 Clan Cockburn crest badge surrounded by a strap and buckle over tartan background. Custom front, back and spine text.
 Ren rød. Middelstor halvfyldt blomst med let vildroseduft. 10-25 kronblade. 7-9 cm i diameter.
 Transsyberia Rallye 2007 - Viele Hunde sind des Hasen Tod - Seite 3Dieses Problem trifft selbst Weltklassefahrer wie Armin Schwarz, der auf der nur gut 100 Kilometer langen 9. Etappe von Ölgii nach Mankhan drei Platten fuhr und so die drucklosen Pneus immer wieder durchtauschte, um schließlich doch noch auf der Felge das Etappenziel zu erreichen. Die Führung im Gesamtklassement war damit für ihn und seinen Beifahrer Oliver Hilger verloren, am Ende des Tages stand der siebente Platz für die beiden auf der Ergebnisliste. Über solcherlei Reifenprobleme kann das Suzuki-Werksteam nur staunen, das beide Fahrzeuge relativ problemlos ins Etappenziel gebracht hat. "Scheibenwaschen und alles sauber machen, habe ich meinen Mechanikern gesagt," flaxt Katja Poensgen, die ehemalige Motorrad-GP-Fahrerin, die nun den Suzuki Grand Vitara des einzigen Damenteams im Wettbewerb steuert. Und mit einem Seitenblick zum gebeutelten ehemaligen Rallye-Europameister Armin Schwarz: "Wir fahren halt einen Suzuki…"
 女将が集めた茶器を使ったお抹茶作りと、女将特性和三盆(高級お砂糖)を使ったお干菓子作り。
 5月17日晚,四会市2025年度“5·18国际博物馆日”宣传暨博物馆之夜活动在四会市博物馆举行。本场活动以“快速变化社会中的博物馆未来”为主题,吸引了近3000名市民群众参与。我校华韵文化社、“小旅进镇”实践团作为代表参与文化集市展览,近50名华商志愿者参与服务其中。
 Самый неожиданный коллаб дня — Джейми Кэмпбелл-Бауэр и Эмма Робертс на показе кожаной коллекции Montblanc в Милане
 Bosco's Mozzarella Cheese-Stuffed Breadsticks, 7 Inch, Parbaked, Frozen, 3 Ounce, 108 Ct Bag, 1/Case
_ _ _ _ _
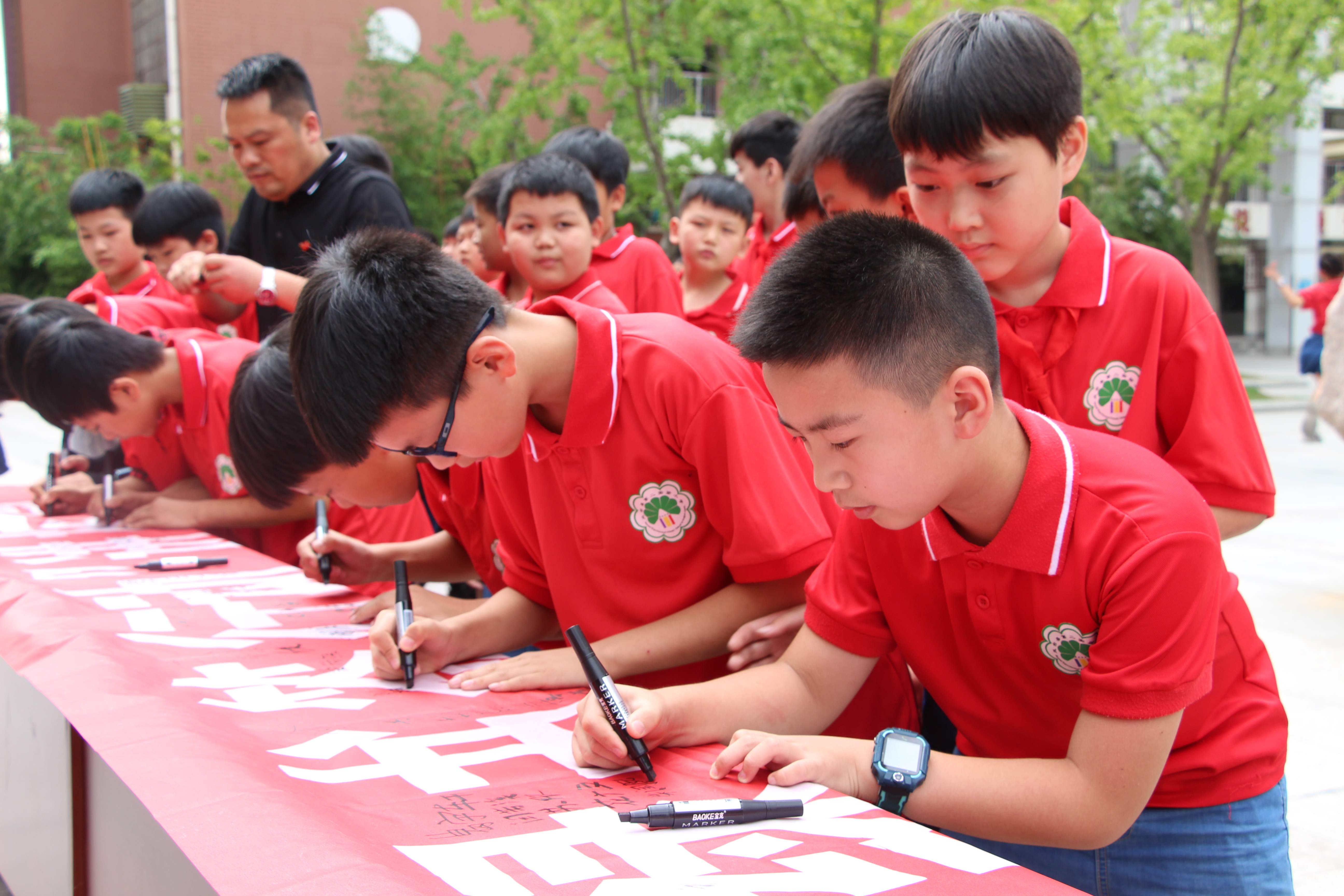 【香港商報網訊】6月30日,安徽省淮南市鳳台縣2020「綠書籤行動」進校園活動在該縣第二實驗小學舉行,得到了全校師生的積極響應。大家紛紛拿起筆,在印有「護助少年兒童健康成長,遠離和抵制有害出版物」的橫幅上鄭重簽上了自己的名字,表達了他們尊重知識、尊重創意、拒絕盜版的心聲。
_ _ _ _ _
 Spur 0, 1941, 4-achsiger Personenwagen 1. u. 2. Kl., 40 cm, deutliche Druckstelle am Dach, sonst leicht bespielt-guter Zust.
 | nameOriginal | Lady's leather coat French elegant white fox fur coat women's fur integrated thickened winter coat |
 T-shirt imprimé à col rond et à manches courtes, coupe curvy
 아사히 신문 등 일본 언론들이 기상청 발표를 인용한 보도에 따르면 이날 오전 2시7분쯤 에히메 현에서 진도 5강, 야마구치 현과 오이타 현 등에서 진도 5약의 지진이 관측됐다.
_ _ _ _ _
Looking at the records above, return exactly the lines from the line with "Clan Cockburn crest" to the line with "Transsyberia Rallye 2007", both ends included.

 Clan Cockburn crest badge surrounded by a strap and buckle over tartan background. Custom front, back and spine text.
 Ren rød. Middelstor halvfyldt blomst med let vildroseduft. 10-25 kronblade. 7-9 cm i diameter.
 Transsyberia Rallye 2007 - Viele Hunde sind des Hasen Tod - Seite 3Dieses Problem trifft selbst Weltklassefahrer wie Armin Schwarz, der auf der nur gut 100 Kilometer langen 9. Etappe von Ölgii nach Mankhan drei Platten fuhr und so die drucklosen Pneus immer wieder durchtauschte, um schließlich doch noch auf der Felge das Etappenziel zu erreichen. Die Führung im Gesamtklassement war damit für ihn und seinen Beifahrer Oliver Hilger verloren, am Ende des Tages stand der siebente Platz für die beiden auf der Ergebnisliste. Über solcherlei Reifenprobleme kann das Suzuki-Werksteam nur staunen, das beide Fahrzeuge relativ problemlos ins Etappenziel gebracht hat. "Scheibenwaschen und alles sauber machen, habe ich meinen Mechanikern gesagt," flaxt Katja Poensgen, die ehemalige Motorrad-GP-Fahrerin, die nun den Suzuki Grand Vitara des einzigen Damenteams im Wettbewerb steuert. Und mit einem Seitenblick zum gebeutelten ehemaligen Rallye-Europameister Armin Schwarz: "Wir fahren halt einen Suzuki…"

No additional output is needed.